Once a droplet has frozen, it grows in the water-supersaturated air, when the temperature remains below the freezing point. The droplet then grows by condensation of water vapor onto the ice surfaces. Air saturation with water is maintained by continuous simultaneous evaporation of water droplets. Thus ice crystals grow at the expense of water droplets in a process called the Wegner-Bergeron-Findeison process. These large crystals are an efficient source of precipitation, since they fall through the atmosphere due to their weight, and may collide and aggregate in clusters. These aggregates are snowflakes, and are usually the type of ice particle that falls to the ground. Guinness World Records list the world’s largest snowflakes as those of January 1887 at Fort Keogh, Montana; allegedly one measured 38 cm (15 inches) wide.

The exact details of the sticking mechanism remain controversial. Possibilities include mechanical interlocking, sintering, electrostatic attraction as well as the existence of a "sticky" liquid-like layer on the crystal surface. The individual ice crystals often have hexagonal symmetry. Although the ice is clear, scattering of light by the crystal facets and hollows/imperfections mean that the crystals often appear white in color due to diffuse reflection of the whole spectrum of light by the small ice particles. The shape of the snowflake is determined broadly by the temperature and humidity at which it is formed. Rarely, at a temperature of around - 2C (28F), snowflakes can form in threefold symmetry — triangular snowflakes. The most common snow particles are visibly irregular, although near-perfect snowflakes may be more common in pictures because they are more visually appealing.

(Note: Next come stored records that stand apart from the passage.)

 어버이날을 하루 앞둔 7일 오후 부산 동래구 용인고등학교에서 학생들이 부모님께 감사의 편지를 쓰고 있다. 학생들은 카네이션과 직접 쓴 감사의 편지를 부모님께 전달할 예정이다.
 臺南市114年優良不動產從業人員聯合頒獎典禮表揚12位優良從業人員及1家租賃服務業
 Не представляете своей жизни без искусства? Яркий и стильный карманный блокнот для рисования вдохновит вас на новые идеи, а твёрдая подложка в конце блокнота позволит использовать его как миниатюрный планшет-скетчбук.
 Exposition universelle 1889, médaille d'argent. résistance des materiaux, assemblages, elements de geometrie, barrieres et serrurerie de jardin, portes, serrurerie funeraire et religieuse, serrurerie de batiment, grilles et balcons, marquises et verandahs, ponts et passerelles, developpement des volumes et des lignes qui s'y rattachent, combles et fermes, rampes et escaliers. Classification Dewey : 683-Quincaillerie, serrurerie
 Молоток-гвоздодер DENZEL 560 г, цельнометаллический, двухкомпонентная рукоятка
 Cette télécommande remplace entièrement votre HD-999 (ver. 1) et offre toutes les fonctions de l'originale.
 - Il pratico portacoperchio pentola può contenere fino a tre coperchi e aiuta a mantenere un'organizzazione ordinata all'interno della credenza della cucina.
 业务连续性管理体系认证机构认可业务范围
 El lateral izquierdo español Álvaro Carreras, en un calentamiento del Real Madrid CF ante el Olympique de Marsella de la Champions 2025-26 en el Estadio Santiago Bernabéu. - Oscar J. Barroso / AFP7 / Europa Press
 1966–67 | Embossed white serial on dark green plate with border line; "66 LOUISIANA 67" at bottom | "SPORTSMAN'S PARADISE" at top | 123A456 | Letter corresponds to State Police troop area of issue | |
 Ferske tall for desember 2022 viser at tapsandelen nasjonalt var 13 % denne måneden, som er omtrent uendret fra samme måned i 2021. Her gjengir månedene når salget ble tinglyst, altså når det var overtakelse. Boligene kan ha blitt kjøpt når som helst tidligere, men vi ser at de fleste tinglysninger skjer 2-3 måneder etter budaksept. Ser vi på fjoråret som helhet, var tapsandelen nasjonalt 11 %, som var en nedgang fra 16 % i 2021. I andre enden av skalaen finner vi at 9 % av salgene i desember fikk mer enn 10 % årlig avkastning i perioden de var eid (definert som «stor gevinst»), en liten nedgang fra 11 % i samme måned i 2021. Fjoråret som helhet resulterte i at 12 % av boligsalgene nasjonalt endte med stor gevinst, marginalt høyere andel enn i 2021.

It is unlikely that any two snowflakes are alike due to the estimated 10, 000, 000, 000, 000, 000, 000 water molecules which make up a typical snowflake, which grow at different rates and in different patterns depending on the changing temperature and humidity within the atmosphere that the snowflake falls through on its way to the ground. The METAR code for snow is SN, while snow showers are coded SHSN.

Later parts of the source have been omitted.